Wednesday, August 18, 2010

Homemade Oreo Cookies, version 1


Homemade Oreo Cookies, version 1

Cookie Dough
1 1/2 cups all-purpose flour
1/2 cup cornstarch
1/3 cup unsweetened cocoa powder
1/4 teaspoon salt
1/2 cup (1 stick) unsalted butter, at room-temperature
3/4 cup granulated sugar
1 large eggs
2 teaspoons vanilla extract

Cream Filling
1/4 cup (1/2 stick) unsalted butter, at room-temperature,
1/4 cup vegetable shortening (Crisco)
2 cups sifted confectioners’ sugar
2 teaspoons vanilla extract

In a medium bowl, whisk together the flou, cornstarch, cocoa and salt. Set aside.

In a large bowl, beat the butter and granulated sugar with an electric mixer until light and fluffy. Add the eggs and then the vanilla, and beat until blended. On low speed, beat in the flour mixture. Divide dough into 3-4 pieces, shape each into a disk and wrap in waxed paper. Refrigerate for at least 2 hours, or until firm.

Preheat oven to 350 degrees. Line a cookie sheet with either parchment paper or a silpat.

Pinch off nickle-sized chunks of dough and roll in a ball. With slightly damp fingers, lightly press down on the balls creating a disk about 1/8 of an inch thick.  Smooth them out to make a nice smooth cookie.  Originally I tried using a greased measuring cup to flatten, but the cookies kept sticking to the cup.  So I switched to my fingers and had a much easier time.  Place the cookies about 2 inches apart on the prepared cookie sheets.  Using a toothpick, poke decorative holes into each cookie, if desired.  Bake for about 9-12 minutes or until firm to the touch (my oven runs a little hot so I found 9 minutes made a crisp, but still slightly chewy cookie and 10 minutes made a crisp and crumbly cookie).

To make the cream filling: place butter and shortening in a mixing bowl, and at low speed, gradually beat in the sugar and vanilla. Turn the mixer on high and beat for 2 to 3 minutes until filling is light and fluffy.

To assemble cookie's: place a teaspoon-sized ball of frosting in the center of one cookie and lightly press another cookie, equal in size, together to make a sandwich. You want the cream to work its way all the way to the edges. Repeat to use up the rest of the cookies.

Serve with a huge glass of ice cold milk and be sure to dunk!


I have been wanting to make a yummy homemade Oreo for some time now and in my search have found two different recipes to give a whirl.  One uses Dutch Process Cocoa and one uses regular, natural cocoa.  The difference in the cocoa is supposedly in flavor and color and the way you bake with them.  I really wanted to try the Dutch Process version first because those are to be truer in color and flavor to Original Oreo's, but all I had in my pantry today was Hershey's Natural Cocoa.  So this version came first!

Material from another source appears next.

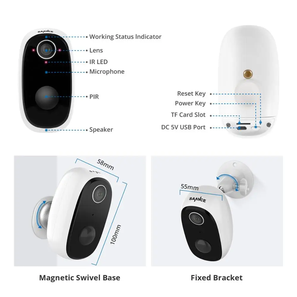 IP-камера SANNCE FHD 1080P Беспроводная с аккумулятором мА

Although I very much liked these cookies, I will be giving the Dutch Process version a try next, for sure.  These ones seem to be very, very sweet- you definitely need a glass of milk to wash them down!  I tasted a cookie after baking my first batch and decided to make sure I made them slightly smaller in size to help with the sweetness factor.  That seemed to help quite a bit.  These were a fun experiment, and one I will play around with, maybe adding different flavors to the cream filling (mint, peanut butter, etc.) to get them just right.

my little helper.... someone needed to lick the spoon!

1 comment:

  1. These are GREAT! I have always thought about trying a homemade oreo :) Your recipe looks so easy to do! Can't wait to try it!